Einstmals war eine wilde Nacht. Der Sturmwind brauste über die Heide dahin, dazu stieg am Himmel ein furchtbares Gewitter auf. Lang hin rollten die Donnerschläge, grelle Blitze zuckten am Himmel hin und her und der Regen quoll in Strömen hernieder. Da entflog der schwarzen Gewitterwolke eine riesige Eule von gräulichem Aussehen. Die Eule flog zur Erde herab und liess sich an einer wüsten Stelle nieder. Nachdem sie dort ein Weilchen gesessen hatte, flog sie wieder zu den Wolken auf. Darauf verzog sich das Gewitter.

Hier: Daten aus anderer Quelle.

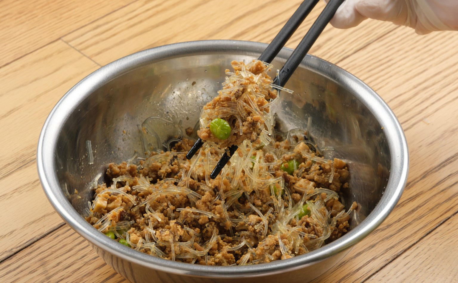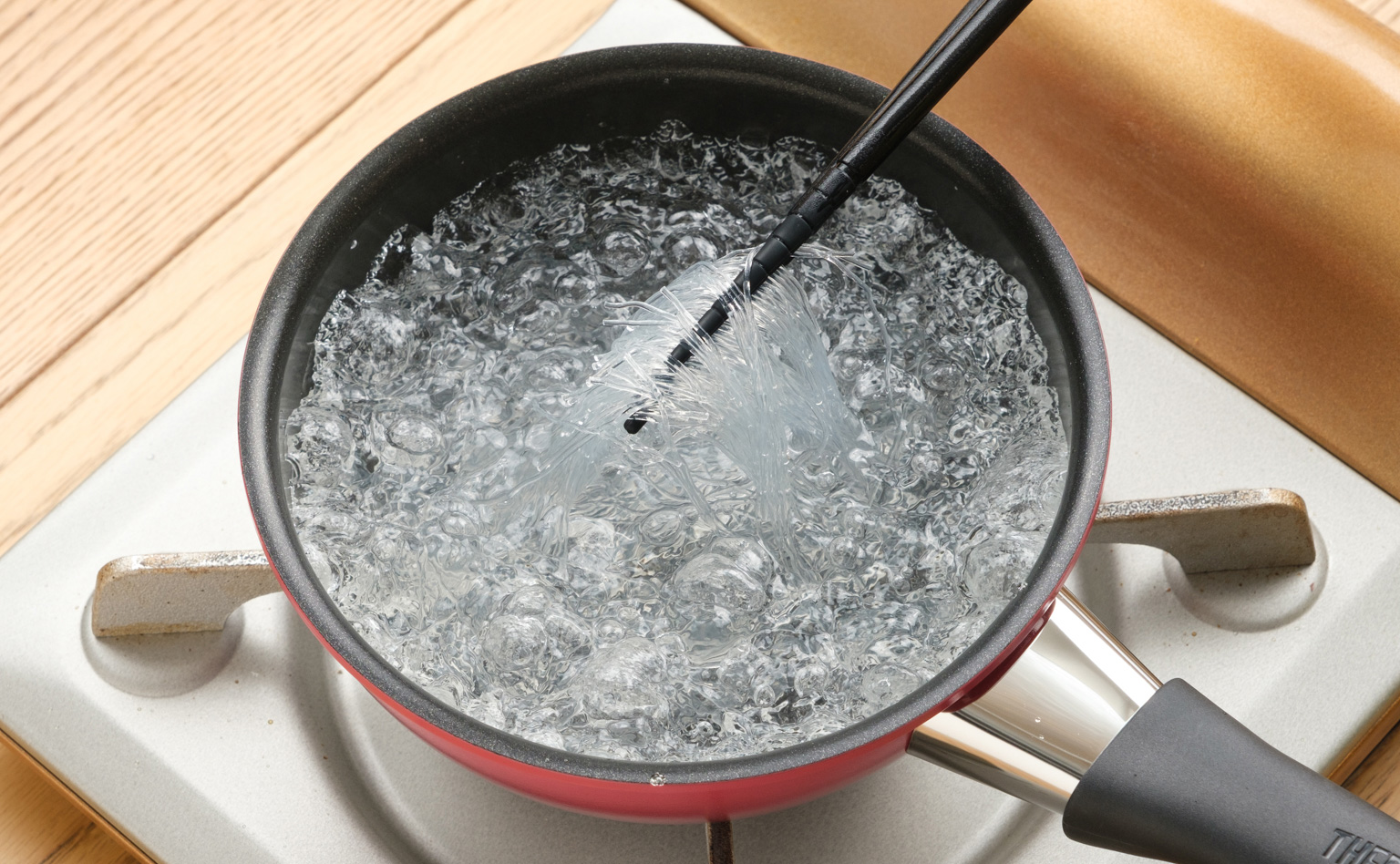 【4】鍋に湯を沸かし、春雨を2分程度ゆでる。 ザルにあげて水気を切ったら、3cm位にカットする。ボウルに取っておいたカレーそぼろに春雨を入れて混ぜる。

An der Stelle, wo die Eule gesessen hatte, lag ein grosses, geflecktes Ei. Da kam ein Schwein herzu und bebrütete das Ei. Als dasselbe das Ei eine gewisse Zeit bebrütet hatte, verliess das Schwein das Ei und ein Ochse nahm seine Stelle ein. Nach einiger Zeit löste den Ochsen ein Wolf ab, später machte dieser dem Teufel Platz.

Als die Zeit des Brütens um war, entfernte sich der Teufel. Da zerbrachen die Schalen des Eies, und aus dem Ei hob sich die Gestalt eines Menschen – das war der erste Masur.

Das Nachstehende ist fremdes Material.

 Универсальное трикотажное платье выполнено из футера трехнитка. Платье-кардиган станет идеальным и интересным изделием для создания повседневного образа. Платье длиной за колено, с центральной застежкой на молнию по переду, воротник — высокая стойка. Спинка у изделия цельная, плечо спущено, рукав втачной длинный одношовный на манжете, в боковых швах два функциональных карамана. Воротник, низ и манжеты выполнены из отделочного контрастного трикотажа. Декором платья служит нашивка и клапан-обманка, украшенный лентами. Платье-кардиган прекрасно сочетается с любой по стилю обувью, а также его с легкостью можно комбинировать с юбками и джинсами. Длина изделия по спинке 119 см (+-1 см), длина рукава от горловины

Seiner Herkunft verdankt der Masur die Eigenschaften, welche ihn kennzeichnen, denn der Masur ist hässlich wie eine Eule, grob und unrein, wie ein Schwein; er verbindet die Trägheit des Ochsen mit der Gier und Gefrässigkeit des Wolfes, wie mit der Verwerflichkeit und Wildheit des Teufels. Der Masur ist die Schlechtigkeit in Gestalt.

Empfohlene Zitierweise:
Edmund Veckenstedt (Hrsg.): Zeitschrift für Volkskunde 1. Jahrgang. Alfred Dörffel, Leipzig 1888/89, Seite 182. Digitale Volltext-Ausgabe bei Wikisource, URL: https://de.wikisource.org/w/index.php?title=Seite:Zeitschrift_f%C3%BCr_Volkskunde_I_182.png&oldid=- (Version vom 1.8.2018)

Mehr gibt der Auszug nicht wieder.